Nav: Home

Study highlights need for better characterized genomes for clinical sequencing

March 01, 2016

A new study that assesses the accuracy of modern human-genome-sequencing technologies found that some medically significant portions of an individual's DNA blueprint are situated in complex, hard-to-analyze regions that are currently prone to systematic errors.

These genes and gene segments lie in yet-to-be-benchmarked regions that presently make up almost a fourth of the human genome's 3.2 billion pairs of chemical building blocks.

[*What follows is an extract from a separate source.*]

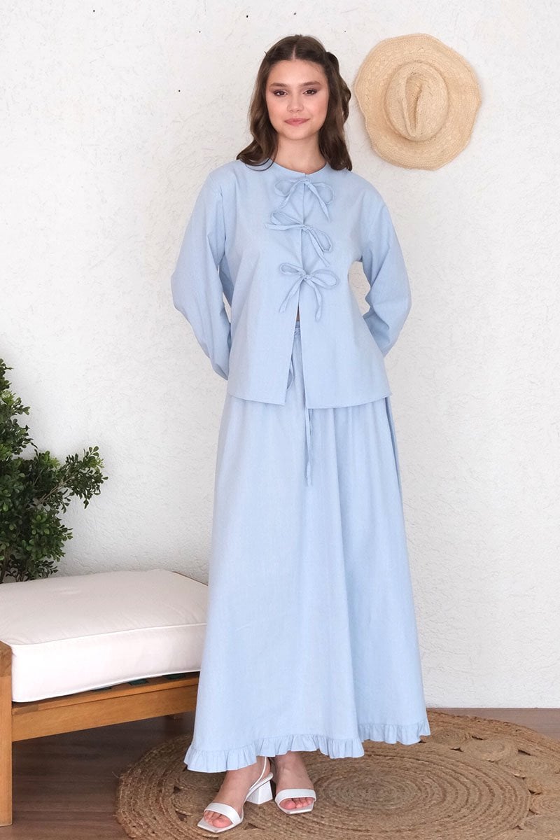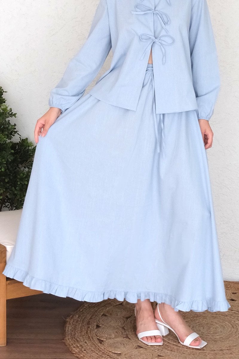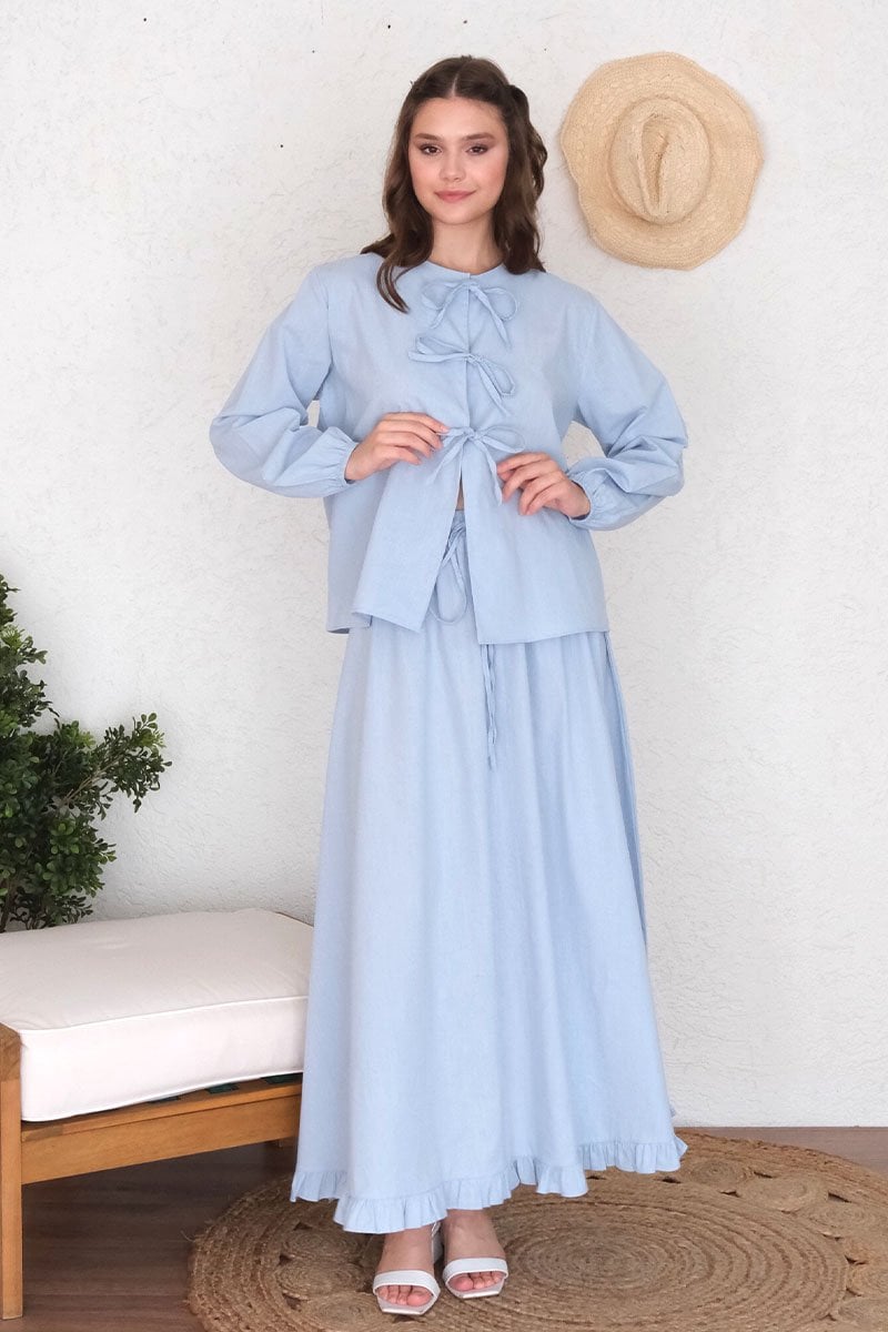 Bebe Mavisi Organik Keten Eteği Fırfırlı Etek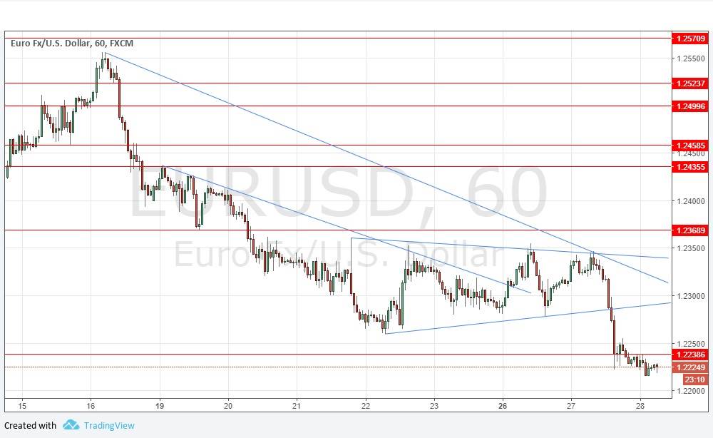 As Europe opened yesterday, this pair was looking as if it were going to move up, consolidating bullishly just below a short-term trend line which marked the upper limit of a consolidating triangle. This triangle can still be seen in the price chart below. The bullish breakout failed, and the price moved down heavily from this failure, falling a long way. Recent hours have seen the pair sell from the psychological level at 1.2250 and from a new resistance level at 1.2238. Despite the long-term bullish trend, these are very bearish signs, and the absence of any key support until the 1.2000 area suggest that the price could still fall much further soon, so I have a short-term bearish bias.EURUSD

Stanford University and National Institute of Standards and Technology (NIST) researchers write that their findings should be a "call to arms for those interested in clinical grade technical accuracy for genome sequencing." As genome sequencing transitions from research to clinic, they say, it is essential to have methods to benchmark performance in all regions that are sequenced for diagnostic or other medical purposes.

Challenges in benchmarking difficult, but clinically important regions of the genome are reported in today's issue of Genome Medicine. The results underscore the need to extend benchmarking references against which sequencing data and analyses can be compared and validated.

In effect, these types of standards are quality-control and quality-assurance tools. They are necessary for checking the accuracy of sequencing data and analyses--and preventing false positives and false negatives. However, genome-sequencing technologies aimed at the large health care market are advancing so quickly that efforts to develop the field's underpinning benchmarking tools must race to keep up.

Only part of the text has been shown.